In addition to the approval of the unitholders of Plains and
Pacific Energy, the completion of the transaction remains subject to
approvals of certain state utility commissions and other regulatory
bodies. Pacific Energy anticipates closing the transaction in the
fourth quarter of 2006.
About Pacific Energy:
Pacific Energy Partners, L.P. is a master limited partnership
headquartered in Long Beach, California. Pacific Energy is engaged
principally in the business of gathering, transporting, storing and
distributing crude oil, refined products and other related products.

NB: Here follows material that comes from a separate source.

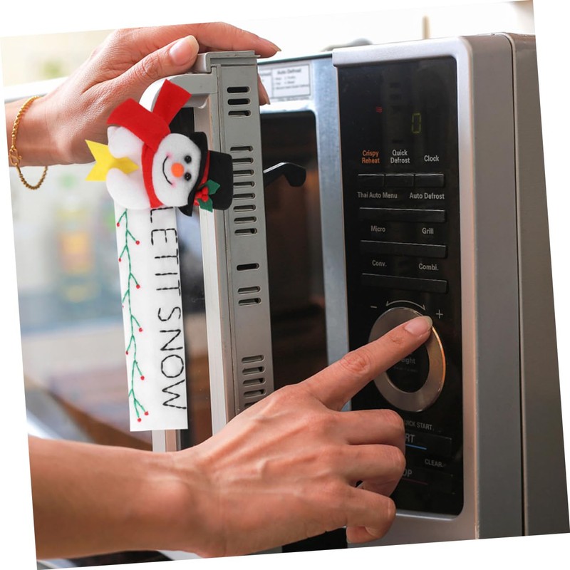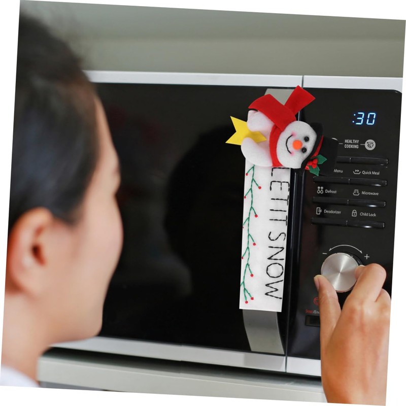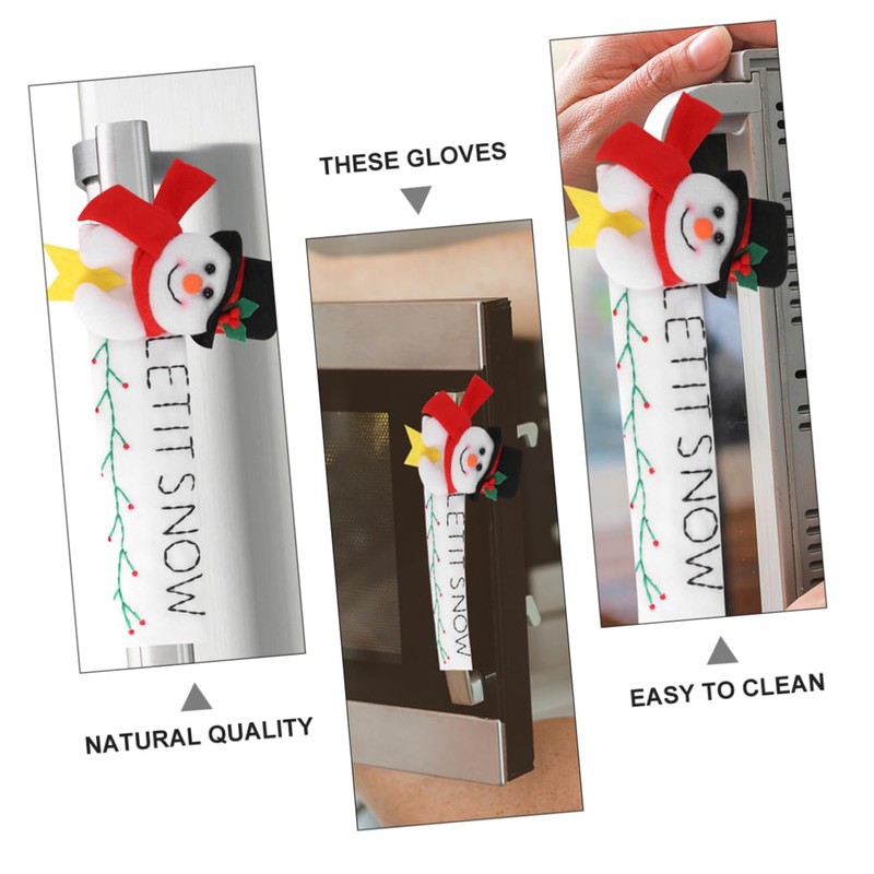 Oven Handle Cover These door handle covers are designed to keep kitchen appliances' handle off from stain, dirty hands, water and fingerprints, and do elegant decoration too.home accents decor With Christmas theme snowman cartoon, it will be a more beautiful home decoration.Xmas frige Handle protector It can create a thick Christmas atmosphere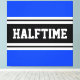 Cette conception sportive et sportive présente un texte HALFTIME en gras à l'intérieur d'une large bande noire surlignée avec deux bandes blanches contre un arrière - plan bleu vif. Le texte de cette conception peut être personnalisé.

Pacific Energy generates revenues by transporting such commodities on
its pipelines, by leasing capacity in its storage facilities and by
providing other terminaling services. Pacific Energy also buys and
sells crude oil, activities that are generally complementary to its
crude oil operations. Pacific Energy conducts its business through two
business units, the West Coast Business Unit, which includes
activities in California and the Philadelphia, PA, area, and the Rocky
Mountain Business Unit, which includes activities in five Rocky
Mountain states and Alberta, Canada.
For additional information about the partnership, please visit
www.PacificEnergy.com.
Investor Notice:
Pacific Energy and Plains have filed a joint proxy
statement/prospectus and other documents with the Securities and
Exchange Commission ("SEC") with respect to the proposed merger of
Pacific Energy with and into Plains. Upon being declared effective by
the SEC, a definitive joint proxy statement/prospectus will be sent to
security holders of Pacific Energy and Plains seeking their approval
of the merger and related transactions. Investors and security holders
are urged to carefully read the joint proxy statement/prospectus
because it contains important information, including detailed risk
factors, regarding Pacific Energy, Plains and the merger. Investors
and security holders may obtain a free copy of the definitive joint
proxy statement/prospectus, when it becomes available, and other
documents containing information about Pacific Energy and Plains,
without charge, at the SEC's web site at www.sec.gov. Copies of the
definitive joint proxy statement/prospectus, when it becomes
available, and the SEC filings that are incorporated by reference in
the joint proxy statement/prospectus may also be obtained free of
charge by directing a request to Pacific Energy or Plains. Pacific
Energy or Plains and the officers and directors of the respective
general partners of Pacific Energy or Plains may be deemed to be
participants in the solicitation of proxies from their security
holders in connection with the proposed transaction. Information about
these persons can be found in Pacific Energy's or Plains' respective
Annual Reports on Form 10-K filed with the SEC, and additional
information about such persons may be obtained from the joint proxy
statement/prospectus.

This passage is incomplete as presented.